**Task description:**
Your reproduction of the entries should be exact and should contain no pictures.

**Provided records:**
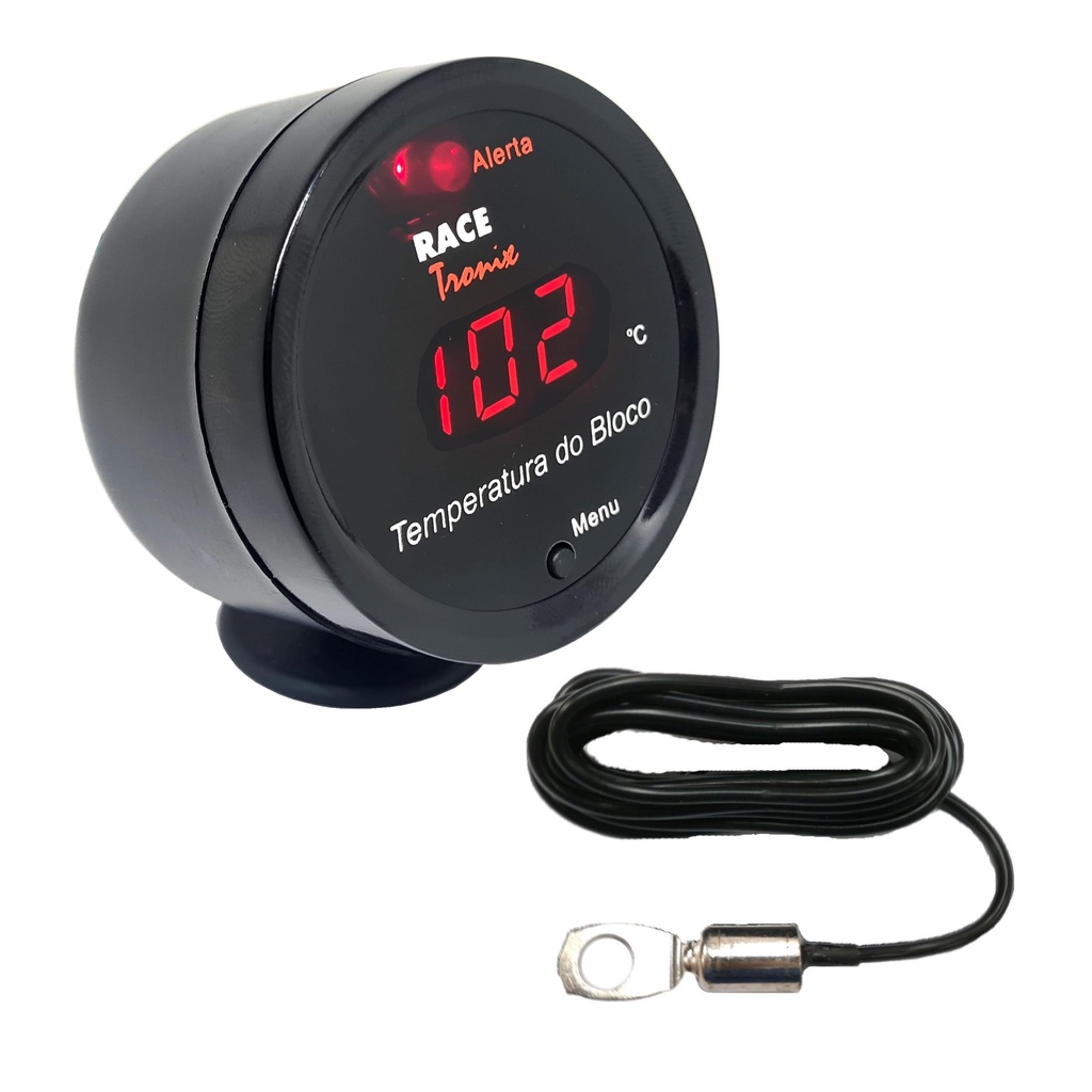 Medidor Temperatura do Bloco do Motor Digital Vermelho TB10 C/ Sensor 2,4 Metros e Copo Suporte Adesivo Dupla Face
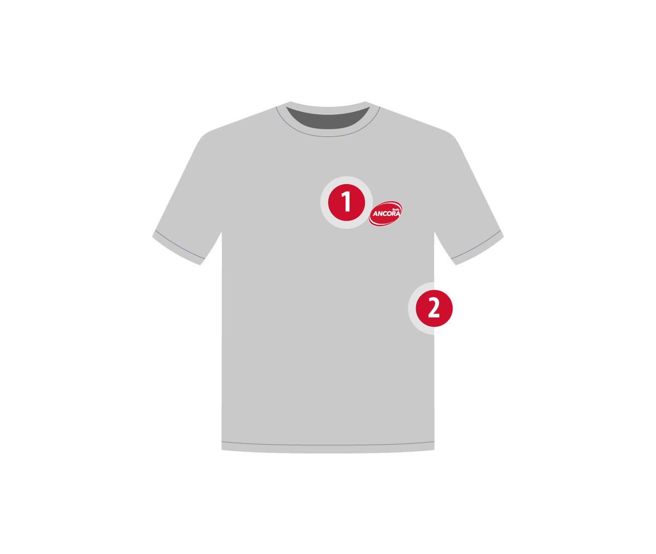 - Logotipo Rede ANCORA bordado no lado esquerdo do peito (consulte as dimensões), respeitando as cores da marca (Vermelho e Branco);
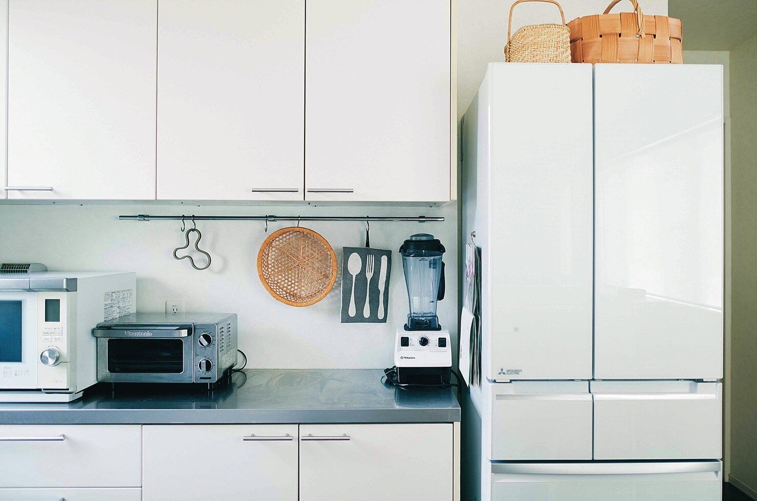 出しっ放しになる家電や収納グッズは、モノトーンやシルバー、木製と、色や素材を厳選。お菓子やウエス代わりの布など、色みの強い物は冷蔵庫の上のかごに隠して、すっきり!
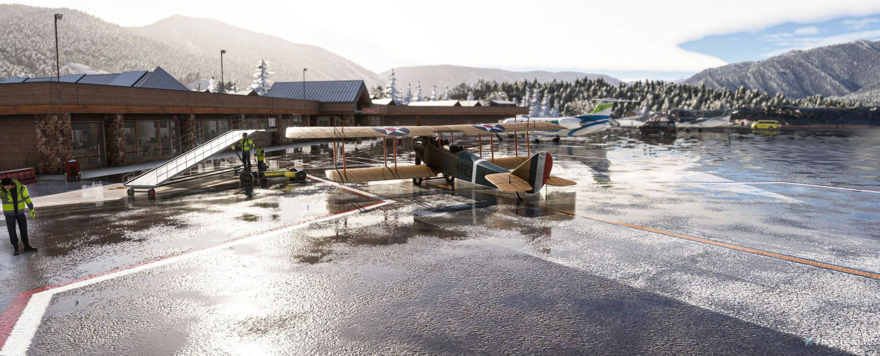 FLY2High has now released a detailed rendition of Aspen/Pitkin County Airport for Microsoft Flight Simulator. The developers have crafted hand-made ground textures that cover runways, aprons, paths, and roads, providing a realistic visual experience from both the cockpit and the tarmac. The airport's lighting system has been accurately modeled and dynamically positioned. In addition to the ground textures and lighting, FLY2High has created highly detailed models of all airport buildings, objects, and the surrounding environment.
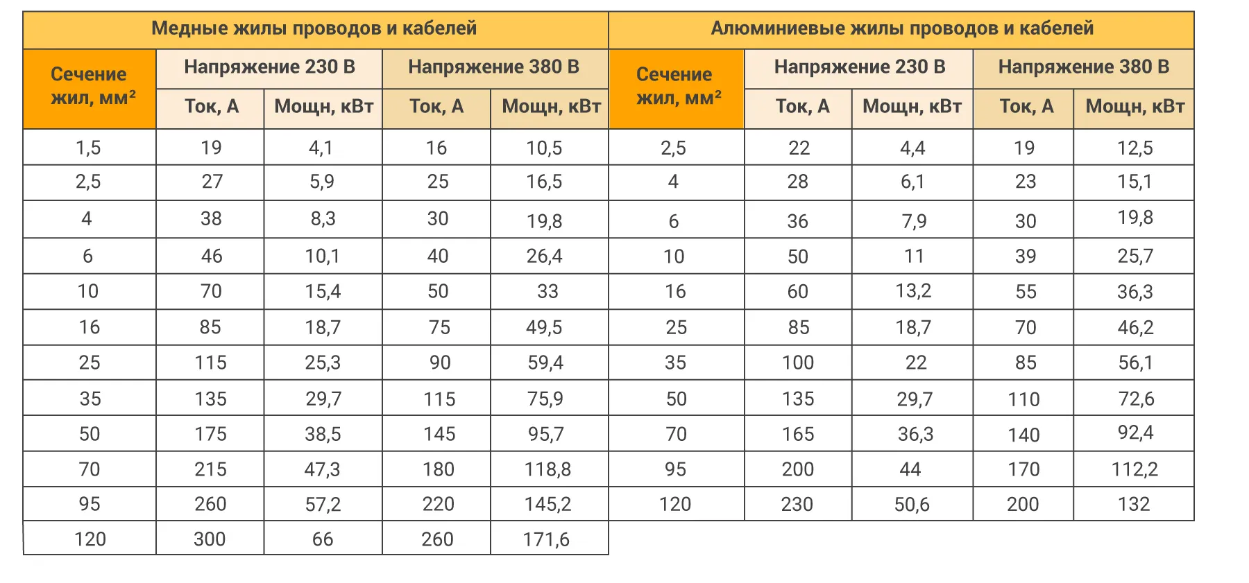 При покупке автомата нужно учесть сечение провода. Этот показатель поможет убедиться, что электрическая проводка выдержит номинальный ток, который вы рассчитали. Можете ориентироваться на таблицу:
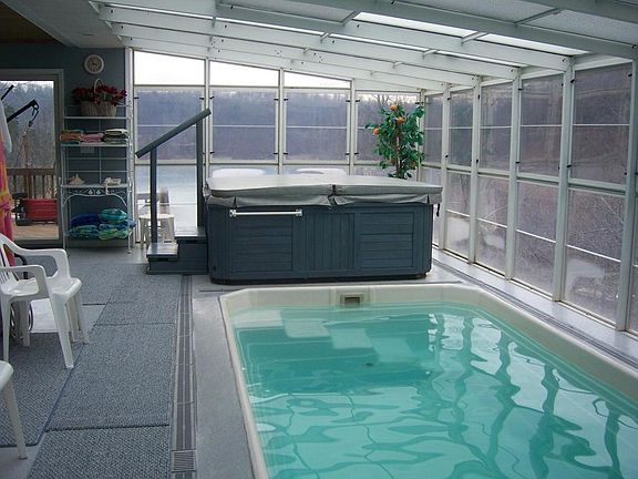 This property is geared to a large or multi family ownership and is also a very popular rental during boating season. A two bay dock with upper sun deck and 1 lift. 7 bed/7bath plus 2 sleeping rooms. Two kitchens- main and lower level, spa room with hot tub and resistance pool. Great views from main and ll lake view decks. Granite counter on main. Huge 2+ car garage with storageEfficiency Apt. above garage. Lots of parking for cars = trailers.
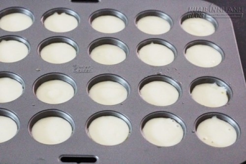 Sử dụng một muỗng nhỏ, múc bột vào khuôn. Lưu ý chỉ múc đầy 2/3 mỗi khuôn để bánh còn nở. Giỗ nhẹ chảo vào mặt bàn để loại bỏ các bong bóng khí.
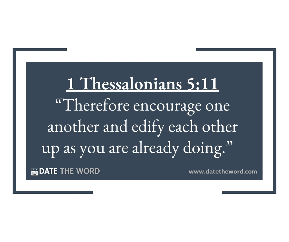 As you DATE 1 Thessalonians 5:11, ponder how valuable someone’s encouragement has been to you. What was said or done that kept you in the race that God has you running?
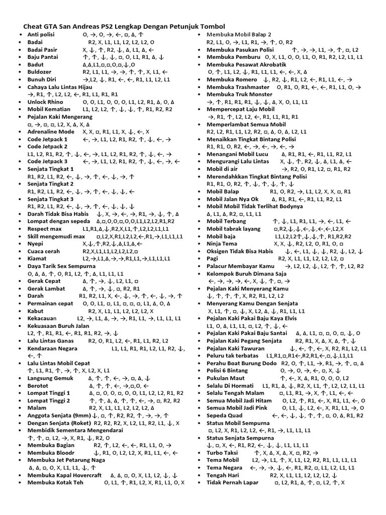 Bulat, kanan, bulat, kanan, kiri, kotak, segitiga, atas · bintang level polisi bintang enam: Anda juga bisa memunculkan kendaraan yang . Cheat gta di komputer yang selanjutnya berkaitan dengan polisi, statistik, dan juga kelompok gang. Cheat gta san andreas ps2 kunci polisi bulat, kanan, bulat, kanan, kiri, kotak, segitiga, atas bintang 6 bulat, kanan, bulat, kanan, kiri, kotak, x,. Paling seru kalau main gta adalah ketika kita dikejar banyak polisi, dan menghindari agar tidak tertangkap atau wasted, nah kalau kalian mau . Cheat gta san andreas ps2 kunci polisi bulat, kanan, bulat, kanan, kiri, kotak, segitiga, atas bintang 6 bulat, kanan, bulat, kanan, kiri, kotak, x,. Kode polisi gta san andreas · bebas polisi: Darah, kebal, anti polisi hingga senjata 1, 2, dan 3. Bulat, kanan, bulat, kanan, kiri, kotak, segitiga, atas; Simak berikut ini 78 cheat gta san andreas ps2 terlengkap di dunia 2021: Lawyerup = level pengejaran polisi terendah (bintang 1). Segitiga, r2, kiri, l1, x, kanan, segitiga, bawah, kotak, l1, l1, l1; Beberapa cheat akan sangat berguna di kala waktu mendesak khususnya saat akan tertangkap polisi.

**Task response:**
 Medidor Temperatura do Bloco do Motor Digital Vermelho TB10 C/ Sensor 2,4 Metros e Copo Suporte Adesivo Dupla Face
 - Logotipo Rede ANCORA bordado no lado esquerdo do peito (consulte as dimensões), respeitando as cores da marca (Vermelho e Branco);
 出しっ放しになる家電や収納グッズは、モノトーンやシルバー、木製と、色や素材を厳選。お菓子やウエス代わりの布など、色みの強い物は冷蔵庫の上のかごに隠して、すっきり!
 FLY2High has now released a detailed rendition of Aspen/Pitkin County Airport for Microsoft Flight Simulator. The developers have crafted hand-made ground textures that cover runways, aprons, paths, and roads, providing a realistic visual experience from both the cockpit and the tarmac. The airport's lighting system has been accurately modeled and dynamically positioned. In addition to the ground textures and lighting, FLY2High has created highly detailed models of all airport buildings, objects, and the surrounding environment.
 При покупке автомата нужно учесть сечение провода. Этот показатель поможет убедиться, что электрическая проводка выдержит номинальный ток, который вы рассчитали. Можете ориентироваться на таблицу:
 This property is geared to a large or multi family ownership and is also a very popular rental during boating season. A two bay dock with upper sun deck and 1 lift. 7 bed/7bath plus 2 sleeping rooms. Two kitchens- main and lower level, spa room with hot tub and resistance pool. Great views from main and ll lake view decks. Granite counter on main. Huge 2+ car garage with storageEfficiency Apt. above garage. Lots of parking for cars = trailers.
 Sử dụng một muỗng nhỏ, múc bột vào khuôn. Lưu ý chỉ múc đầy 2/3 mỗi khuôn để bánh còn nở. Giỗ nhẹ chảo vào mặt bàn để loại bỏ các bong bóng khí.
 As you DATE 1 Thessalonians 5:11, ponder how valuable someone’s encouragement has been to you. What was said or done that kept you in the race that God has you running?
 Bulat, kanan, bulat, kanan, kiri, kotak, segitiga, atas · bintang level polisi bintang enam: Anda juga bisa memunculkan kendaraan yang . Cheat gta di komputer yang selanjutnya berkaitan dengan polisi, statistik, dan juga kelompok gang. Cheat gta san andreas ps2 kunci polisi bulat, kanan, bulat, kanan, kiri, kotak, segitiga, atas bintang 6 bulat, kanan, bulat, kanan, kiri, kotak, x,. Paling seru kalau main gta adalah ketika kita dikejar banyak polisi, dan menghindari agar tidak tertangkap atau wasted, nah kalau kalian mau . Cheat gta san andreas ps2 kunci polisi bulat, kanan, bulat, kanan, kiri, kotak, segitiga, atas bintang 6 bulat, kanan, bulat, kanan, kiri, kotak, x,. Kode polisi gta san andreas · bebas polisi: Darah, kebal, anti polisi hingga senjata 1, 2, dan 3. Bulat, kanan, bulat, kanan, kiri, kotak, segitiga, atas; Simak berikut ini 78 cheat gta san andreas ps2 terlengkap di dunia 2021: Lawyerup = level pengejaran polisi terendah (bintang 1). Segitiga, r2, kiri, l1, x, kanan, segitiga, bawah, kotak, l1, l1, l1; Beberapa cheat akan sangat berguna di kala waktu mendesak khususnya saat akan tertangkap polisi.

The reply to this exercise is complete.